# [Assigned task]
Reproduce, character for character, the lines below from the first through the one with "傳統(tǒng)文化時時學,白族舞蹈代代". Leave pictures out.
(Data block begins)
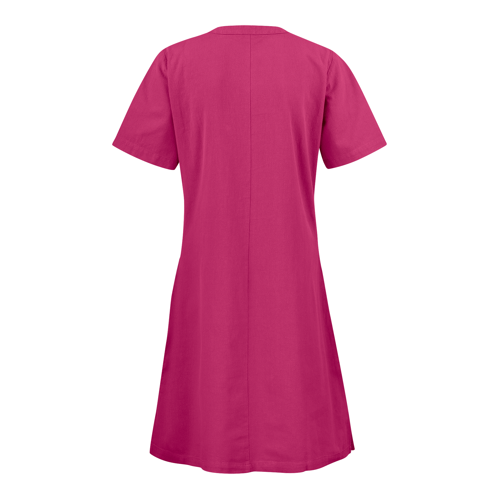 Kevyt kietaisumekko, jossa on V-aukko. Varustettu tilavilla etutaskuilla, joihin kuuluu avaimenpidike ja matkapuhelintasku sekä rintataskulla, jossa on rengasneppari ja kortinpidike. Leikattu sivulta. Poimutettua puuvillaa.
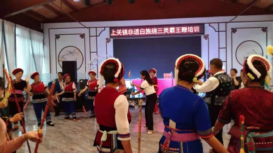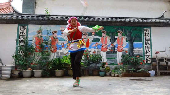 傳統(tǒng)文化時時學,白族舞蹈代代傳。小小的霸王鞭看似簡單,里面卻包含了白族人民田間勞作的智慧。用自己的努力,言傳身教地教授霸王鞭,這愚公移山般的精神也是傳承人的智慧。“今天下午6點,我還要去江尾一趟,教他們的繞三靈團隊跳霸王鞭”,何松康說。
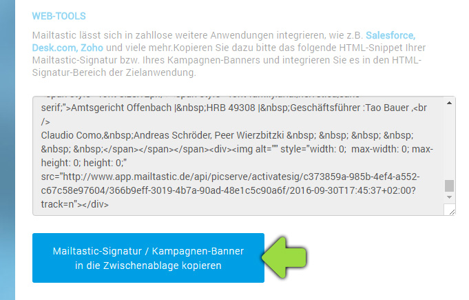 Scrollen Sie runter und klicken Sie auf den blauen Button “Mailtastic-Signatur / Kampagnen-Banner in die Zwischenablage kopieren”, um den Integrations-Code zu kopieren.
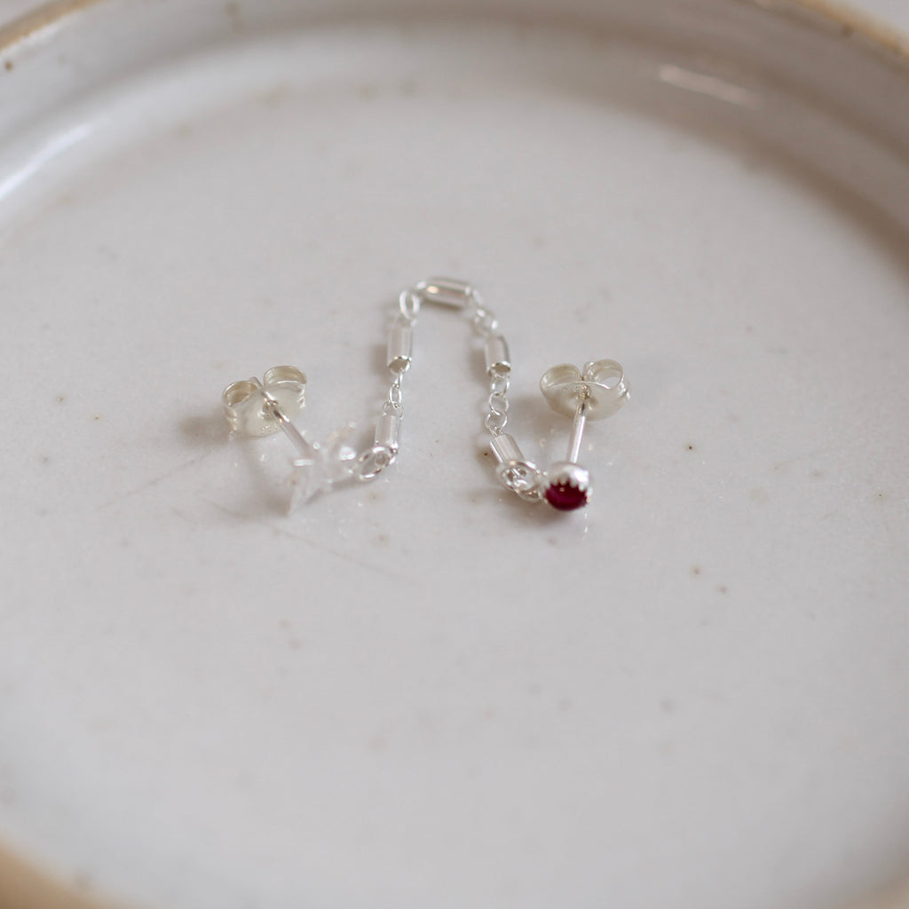 Each mini stud is approximately 3mm in size, and joined by a tube chain. The birthstone is 3mm in size set in sterling silver. Please note that this is a single earring and not a pair.
(Data block ends)
# [Exercise response]
 Kevyt kietaisumekko, jossa on V-aukko. Varustettu tilavilla etutaskuilla, joihin kuuluu avaimenpidike ja matkapuhelintasku sekä rintataskulla, jossa on rengasneppari ja kortinpidike. Leikattu sivulta. Poimutettua puuvillaa.
 傳統(tǒng)文化時時學,白族舞蹈代代傳。小小的霸王鞭看似簡單,里面卻包含了白族人民田間勞作的智慧。用自己的努力,言傳身教地教授霸王鞭,這愚公移山般的精神也是傳承人的智慧。“今天下午6點,我還要去江尾一趟,教他們的繞三靈團隊跳霸王鞭”,何松康說。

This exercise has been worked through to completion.